The OECD also reports on the amount of debt written off as a share of debt inventory. This is a trend that has been decreasing despite the amount of tax debt increasing. It was 14.6 per cent in 2005 dropping to 8.9 per cent in 2011.

There has been some suggestion, especially by the NDP revenue critic Murray Rankin, that CRA is not doing enough to collect these owed sums. It is important to remember a few things here. CRA writing off the debt does not mean it won’t collect on this money owed if and when it can. It simply means it is being taken off the books so we are not counting on revenue (to balance the books) that might never come in.
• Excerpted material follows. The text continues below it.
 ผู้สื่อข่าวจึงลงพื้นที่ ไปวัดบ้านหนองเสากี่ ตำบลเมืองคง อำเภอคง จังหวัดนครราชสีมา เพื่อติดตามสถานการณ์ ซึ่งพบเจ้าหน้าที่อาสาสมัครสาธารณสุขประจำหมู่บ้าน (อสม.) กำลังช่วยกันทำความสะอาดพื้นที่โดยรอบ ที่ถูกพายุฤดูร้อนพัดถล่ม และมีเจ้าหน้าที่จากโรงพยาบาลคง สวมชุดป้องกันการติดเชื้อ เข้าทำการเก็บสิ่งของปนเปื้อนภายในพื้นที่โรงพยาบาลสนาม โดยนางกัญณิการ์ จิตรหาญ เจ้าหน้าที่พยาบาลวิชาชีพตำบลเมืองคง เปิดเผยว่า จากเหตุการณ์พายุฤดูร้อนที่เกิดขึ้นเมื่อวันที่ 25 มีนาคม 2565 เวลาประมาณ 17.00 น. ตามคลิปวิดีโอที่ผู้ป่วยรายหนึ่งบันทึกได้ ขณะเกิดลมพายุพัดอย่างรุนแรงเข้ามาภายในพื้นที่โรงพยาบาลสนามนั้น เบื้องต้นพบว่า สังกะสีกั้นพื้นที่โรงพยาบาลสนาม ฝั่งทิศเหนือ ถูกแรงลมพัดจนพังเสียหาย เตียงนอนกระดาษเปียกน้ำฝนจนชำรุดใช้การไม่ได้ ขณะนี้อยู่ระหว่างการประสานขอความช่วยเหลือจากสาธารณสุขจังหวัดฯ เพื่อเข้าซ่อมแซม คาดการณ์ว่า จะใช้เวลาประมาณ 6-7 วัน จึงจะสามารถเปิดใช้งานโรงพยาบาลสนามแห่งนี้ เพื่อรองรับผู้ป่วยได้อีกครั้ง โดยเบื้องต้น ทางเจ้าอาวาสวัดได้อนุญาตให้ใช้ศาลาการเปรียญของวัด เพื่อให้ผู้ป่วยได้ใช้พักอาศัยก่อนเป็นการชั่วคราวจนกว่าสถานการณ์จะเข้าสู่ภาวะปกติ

Writing off debt is not something taken lightly, especially when a government needs that revenue (to balance the books). In addition, collecting debt is costly and there is certainly nothing gained by continuing to spend to collect uncollectable debt.
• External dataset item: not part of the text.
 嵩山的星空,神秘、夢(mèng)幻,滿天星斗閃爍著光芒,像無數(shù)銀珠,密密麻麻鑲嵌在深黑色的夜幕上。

There is a much simpler answer to this problem. The best tool CRA has in this area is to increase withholding. Withholding is when the imputed tax liability is deducted from the income source before the income is provided to the recipient. Canada lags behind other countries in terms of the breadth and depth of income sources that are subject to withholding. It is an area that needs to be improved.

A prime example of where withholding is lacking is the Universal Child Care Benefit (UCCB) payment. This payment sent by the government to families with children is taxable income, but the government does not withhold the tax liability. This is an important and timely reminder, given that families with children will shortly receive a windfall amount in their bank accounts shortly as the increased UCCB payment, along with six months of back payment, arrives on July 20. As a result, some people receiving this benefit won’t be able to pay their tax liability from this payment and will end up in the “bad debt” pile. This can easily be avoided by CRA withholding the tax liability at source, a simple and easy thing to do. Of course, the reasons for not doing so are political, so the Conservatives can suggest that they are providing you with more money than they really are, but that is a whole other matter.

Sometimes we need to look forward and not back, and this is a prime example of this philosophy. What can we do moving forward to ensure that we reduce the problem at source and not have to expend the energy tracking down the deadbeats in the first place? I hope all the political parties agree this would make a great pillar in their election platforms.

 


 

The real problem with all that tax debt Canadians owe

  1. Can we get a better example than the Child Tax Credit? I somehow doubt that not withholding tax on the UCCT is the source of much (if any) of these “written off taxes”.

    • There is no discussion of the child tax credit, a non-refundable tax credit that was axed starting 2015. The UCCB was provided as a simple example of where withholding can easily be put in place, and important timely reminder to parents that it is taxable as the back payment arrives in bank accounts. However, as CRA provides no statistics or information related to the write offs, as clearly noted in the article, we don’t know exactly the origin of the write offs, but they will include benefit repayments like the UCCB, EI, etc. As I am sure you know, other examples of income not subject to withholding include but not limited to investment, dividend, and most tip income. Though in some cases withholding rules differ depending on if you are a resident or non-resident for tax purposes.

  2. Two points:

    1. The tax debt write off is of “undisputed” tax. A hefty portion of this should, in fact, have been “disputed”, but for the general aversion of the average taxpayer to take on CRA. More should, as CRA auditors have been known to occasionally err, especially as their annual performance reviews approach.

    2. The inability of CRA to collect every thin dime of tax is in no way attributable to any lack of collection powers, the likes of which would make loan sharks green with envy. If you wish to pursue a vendetta against a rival, try anonymously siccing CRA collections on them.